There’s a concept in psychology called flashbulb memory that describes how we tend to remember exceptionally vivid experiences. The assassination of JFK and the 9/11 terrorist attacks are regular examples that illustrate flashbulb memories — we all seem to remember precisely where we were when these events occurred. Flashbulb memories don’t have to be traumatic, though, which explains why I recall exactly where I was when I learned how to tie my shoes.
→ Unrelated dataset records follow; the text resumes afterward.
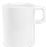
MUG901 330 ml
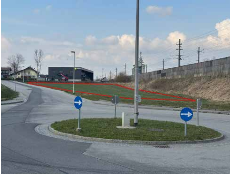
Geplantes Grundstück für Neubau der Firma KARL AutomatenService

Die Firma AutomatenService KARL plant, ihren derzeitigen Standort in der Peßlerstraße 9 zu verlegen. Der aktuelle Standort ist nur angemietet, weshalb das Unternehmen nach einer langfristigen Lösung sucht.
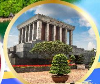
สุสานลุงโฮ
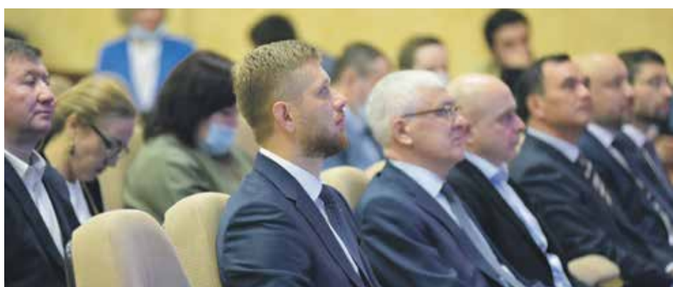
Впервые за последние годы отчет исполнительной власти был представлен депутатам надлежащим образом

Депутаты избрали нового мэра 30 апреля прошлого года. Совместными усилиями разработали проект бюджета на 2021 год, который был утвержден думой Иркутска. За это время произошли изменения и в структуре администрации: был возрожден комитет по экономике и социальному планированию, а также появилась должность первого заместителя мэра, курирующего комитеты по управлению административными округами.
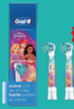
REPUESTO CEPILLO ELECTRICO PRINCESS COD: GL05033 2 u

$41.748,40 OFERTA precio con IVA $31.311,30
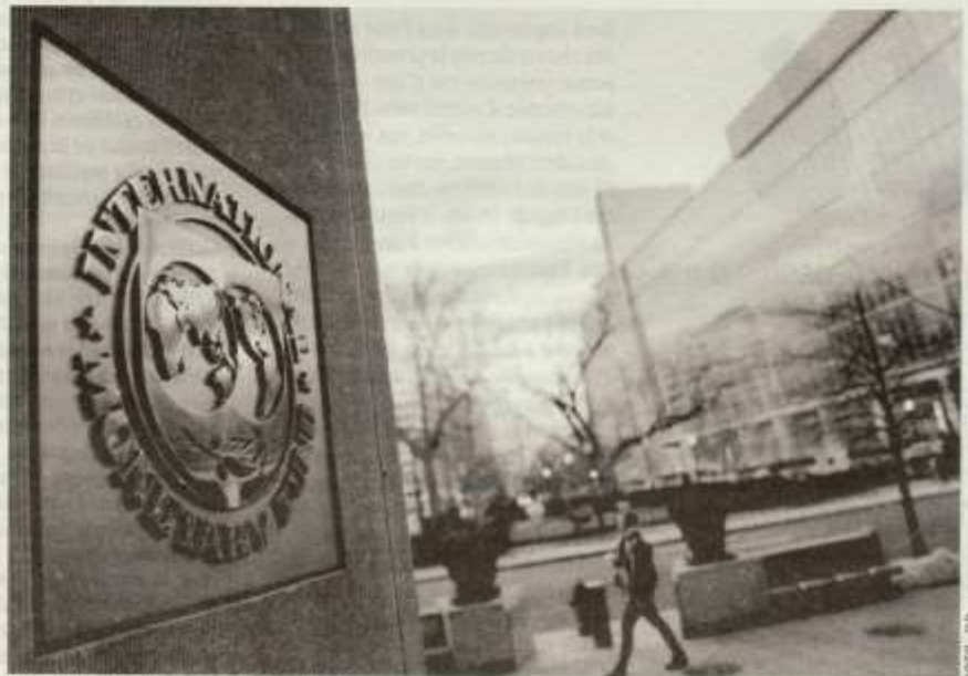
Siège de la Banque mondiale à Washington

En effet, la Banque mondiale a procédé durant la semaine à la publication de sa nouvelle mise à jour de la classification annuelle des économies de ses pays membres à l'occasion du début de son prochain exercice fiscal (lequel s'étale du 1 er juillet au 30 juin de chaque année). Désormais, l'Algérie passera, au titre de cette nouvelle mise à jour, de Pays à revenu intermédiaire à la tranche inférieure à pays à revenu intermédiaire à la tranche supérieure. En effet et selon le barème fixé par la Banque mondiale au titre de l'exercice 2024, les pays sont classés comme suit : les économies à faible revenu et sont définies comme celles dont le RNB par habitant est de 1135 USD ; les économies à revenu intermédiaire à tranche inférieure et sont celles dont le RNB par habitant se situe entre 1136 et 4465 USD ; les économies à revenu intermédiaire à tranche supérieure et sont celles dont le RNB par habitant se situe entre 4466 et 13 845 USD ; et enfin les économies à revenu élevé et sont celles dont le RNB
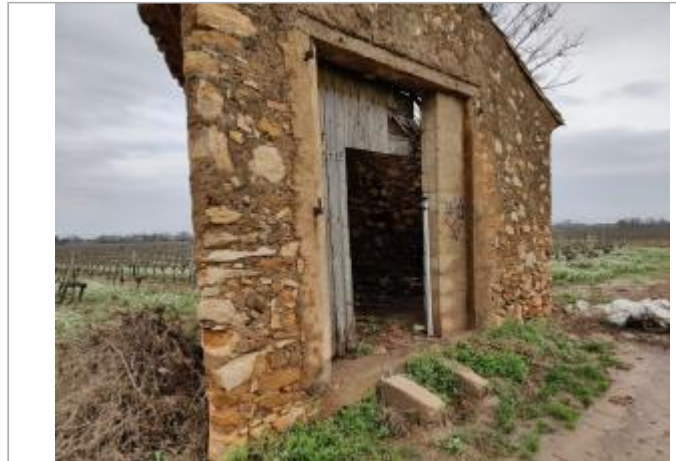
Mur du Mazet

Coordonnées WGS84 : X: 3.25179160 / Y: 43.30107290
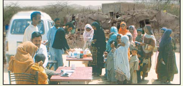
حب روڈ سے ہاکس بے جانے والے گاؤں میں موبائل ہیلتھ کیئر ویں کے ذریعہ غریب اور نادار مریضوں کے لئے روزانہ مفت علاج معالجہ اور دوائیوں کی کھولیات۔

Request sponsorship of FREE Medical support for 38 villages from HUB road to paradise point for the poor and destitute people of the area living without drinking water, electricity, Primary Health, Mother and Child Healthcare, Ultrasound and Laboratory tests.
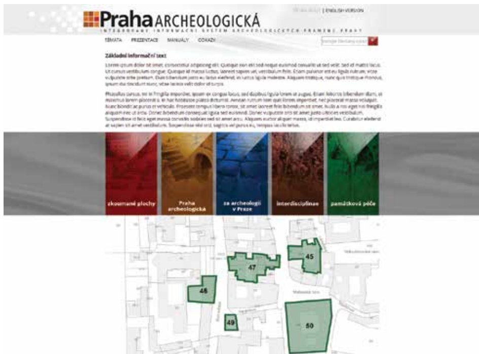
Obr. 6. Homepage projektu s ukázkou mapového zobrazení archeologicky významných ploch (přejetá data NPÚ). Styl zobrazení 1:1 000. Datový podklad (digitální katastrální mapa Prahy) © Institut plánování a rozvoje hl. m. Prahy.

Abb. 6. Homepage des Projekts mit einer Probe wie archäologisch bedeutende Flächen auf der Karte dargestellt werden (vom Nationalinstitut für Denkmalpflege übernommen Daten). Darstellungsstil 1:1 000. Datenunterlage (digitale Katasterkarte von Prag) © Institut für Planung und Entwicklung der Hauptstadt Prag.

I learned the bunny ears method in the mudroom of the first house I grew up in. Then, once I realized that everyone in my class had graduated beyond bunny ears, a friend taught me the more advanced loop, swoop and pull in his mudroom. (Before picking up these skills, I even remember the principal of my future elementary school telling me that I’d “need to learn how to do that on my own” when I asked her to help tie my shoes during a visit; maybe that experience is linked to trauma though.)
And yet, nobody ever told me what the extra lace eyelets at the top of my sneakers were for. Not when I was five, not when I was twenty-five. To be fair, I never asked. As it’s only present on athletic footwear, I assumed it was there for an extra crisscrossing of the laces, either to take up excess length or to provide an additional band of tightness over the very top of the foot.
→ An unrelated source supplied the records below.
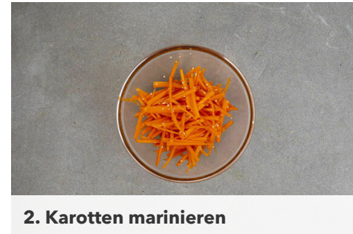
2. Karotten marinieren

In einem großen Topf ausreichend gesalzenes Wasser für die Nudeln zum Kochen bringen. Den Knoblauch schälen und fein würfeln. Die ½ des Ingwers schälen und fein reiben. Tipp: Wer mag, kann auch mehr Ingwer verwenden oder nutzt den restlichen Ingwer zum Aufbrühen eines Tees. Die Lauchzwiebeln schräg in feine Ringe schneiden.
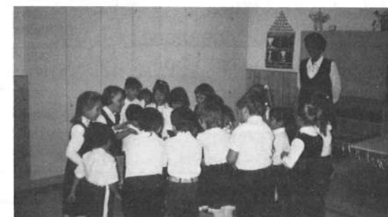
Óvodások egy csoportja előadás közben
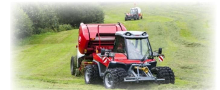
Aebi TT 281
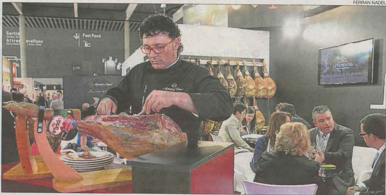
►► Un cortador profesional de jamones en la feria Alimentaria, ayer.
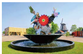
Immortal Flowers Rikka 2018 European Capital of Culture [11 Fountains] IJlst/オランダ

A running-addicted colleague recently revealed that the latter guess was partially correct. That extra eyelet is the key to employing a heel lock, also called a lace lock or a runner’s loop. Tied properly, it holds the heel tightly in place, providing support and preventing excess rubbing that might cause blisters.
Using the eyelet to create a heel lock is simple:
1. Lace up your shoes normally.
2. At the top, thread the lace back through the extra eyelet toward the foot. Don’t pull it tight.
3. You should now have a new loop created by the lace on each side. Thread each lace through the opposite loop.
4. Pull the laces tight, cinching the two new loops flush with the shoe’s exterior. Tie your shoes normally.
My colleague has known how to tie a heel lock since her high school track days. She typically ties new shoes this way to provide a snug, secure fit. As will I, flashbulb ignited.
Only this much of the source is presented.